In this morning’s Wall Street Journal, there’s a great article (Too Many Trucks, Too Little Parking) that provides more detail on this problem, which has led to drivers being robbed and/or killed, including one case where a driver’s body was found inside his burned truck that had been parked just 150 yards from the locked factory gate he was delivering to.

The parking problem is not new, but it’s getting worse, exacerbated by (among other things) the new Hours of Service rules. In a study conducted by researchers at the University of California, Berkeley in the spring of 2012, 70 percent of the truckers surveyed who travel along Interstate 5 in California said they had tried to stop at a truck stop along their route but they were all full — and more than half said this happened every other day. In an informal Web survey conducted by Hope Rivenburg, whose truck-driving husband was murdered in 2009 while parked in a deserted gas station, nearly 40 percent of the 4,000 drivers surveyed said it takes them, on average, an hour or more to find parking for the night.

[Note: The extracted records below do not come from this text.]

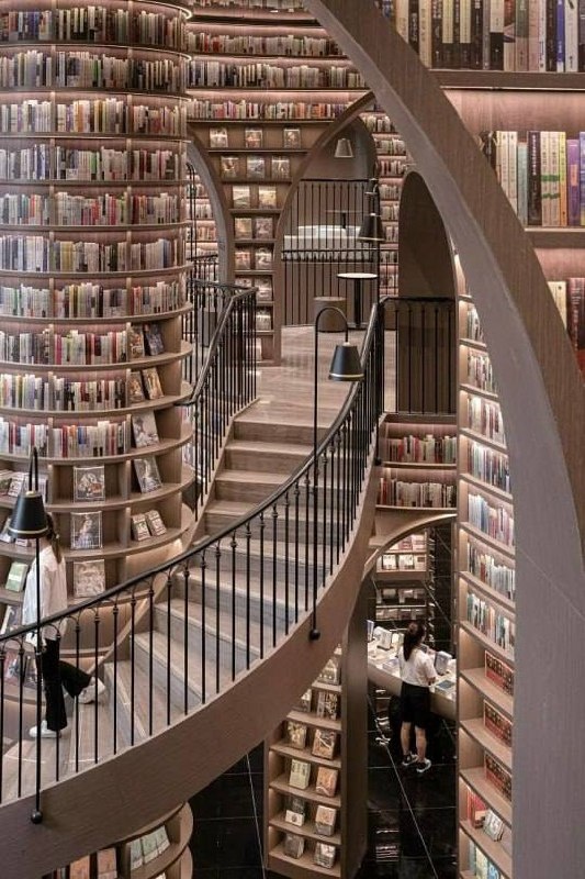 Самый футуристический книжный магазин в мире — «Чжуншугэ» в китайском городе Дуцзянъянь, неподалёку от Чэнду. В интерьере магазина активно используются зеркальные потолки и чёрные глянцевые полы, а визуальный эффект многократно усиливается — полки кажутся бесконечными из-за отражений. Верхние ряды книг — это не реальные тома, а плёнка с их изображением, что придаёт пространству сказочность, но реальный книжный фонд насчитывает более 80 000 экземпляров. Книжные полки также выделены световыми поясами, что подчёркивает каждую полку. Заглянули бы туда? ❤️
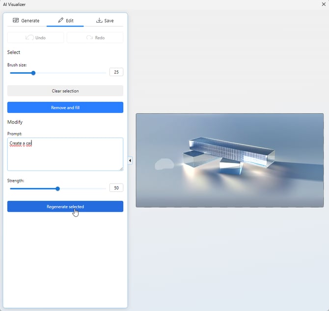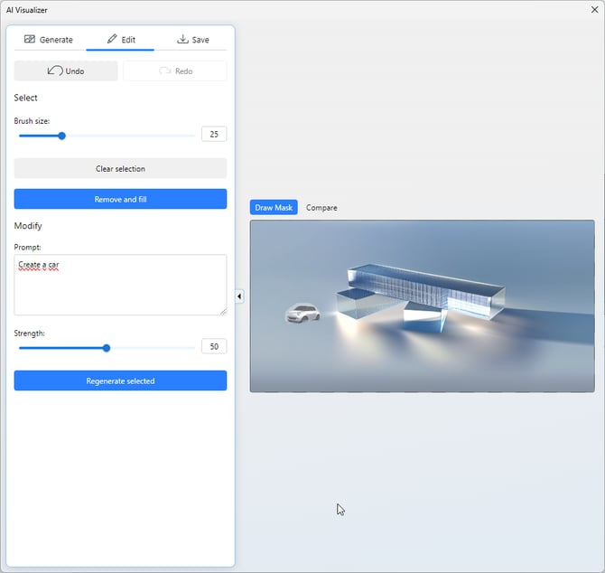 Som du ser over har jeg markert et lite område til venstre for bygget. Under prompt har jeg skrevet create a car. Når jeg trykker på regenerate selected legger den til en bil:
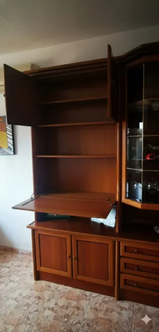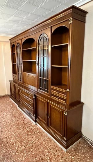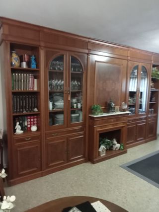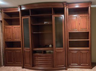 À recoger en Moncófar Conjunto de muebles de madera con diseño clásico. - Estructura de madera. - Mueble con vitrina y cajones. - Estanterías.
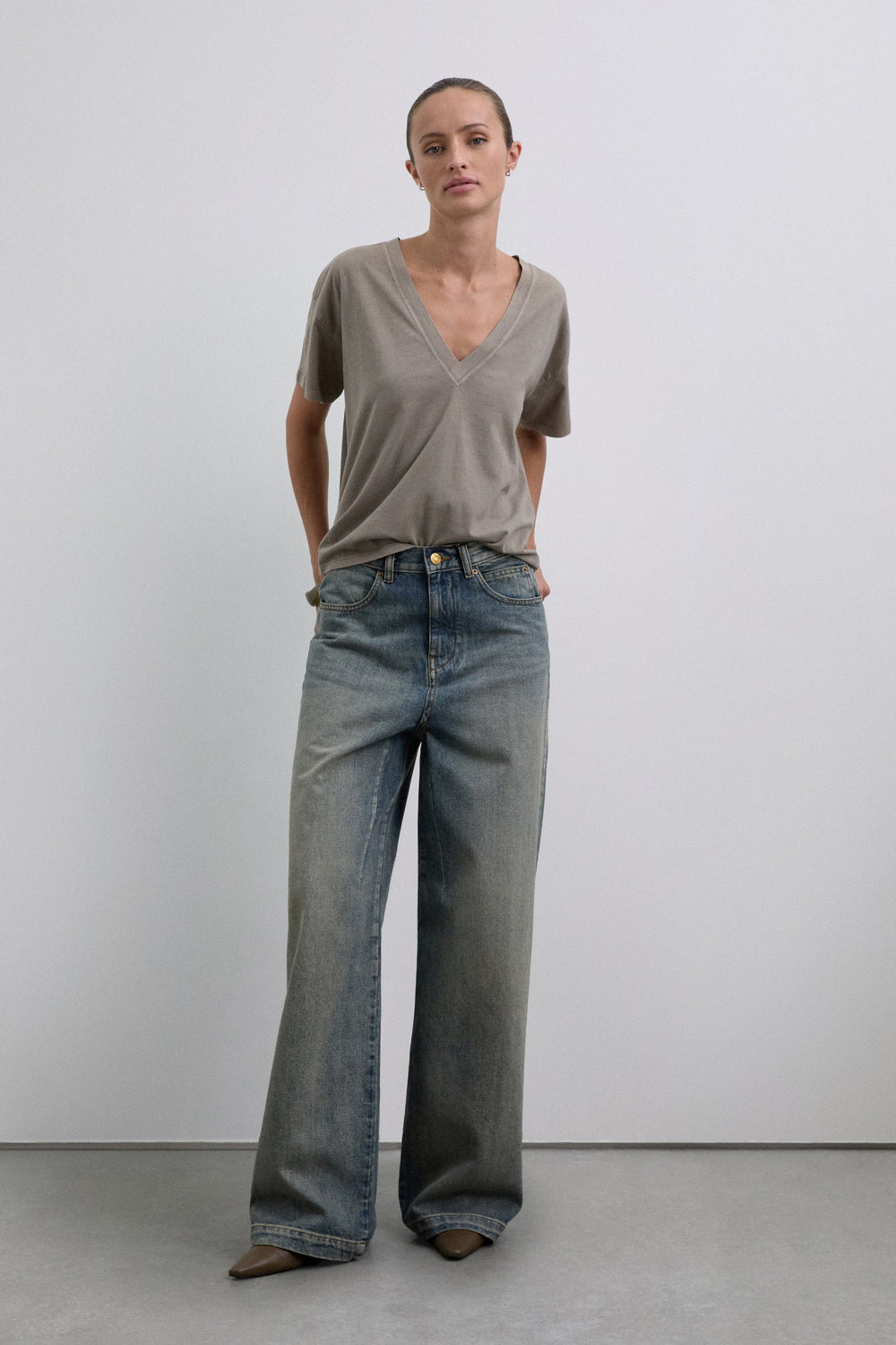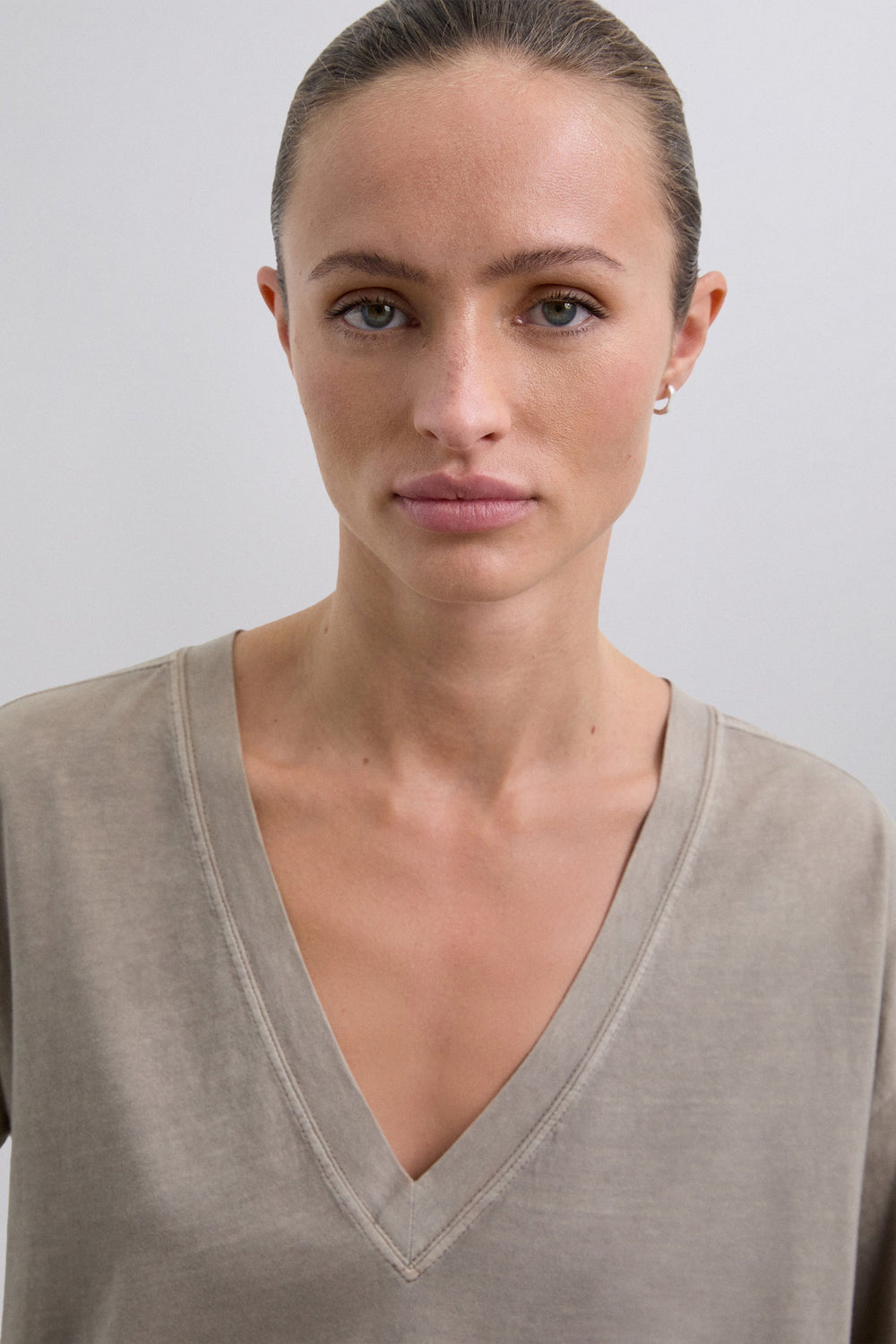 Basic T-shirt made of 100% organic cotton. Regular fit, V-neck and short sleeves. Embroidered logo detail at the lower front.

Here are a couple of charts I created based on data from the WSJ article that further illustrates the problem:

Source: Federal Highway Association study
Source: Federal Highway Association study
Source: 2013 Web survey conducted by Hope Rivenburg
Source: 2013 Web survey of truckers conducted by Hope Rivenburg


Simply put, if you’re a shipper looking for a ways to strengthen your relationship with carriers, providing them with parking, either at your facility or working together to develop a solution, is a great place to start. Aside from being the right thing to do, the last thing you want is for your company to make the headlines in the Wall Street Journal because a driver was killed while parked just outside your locked gate.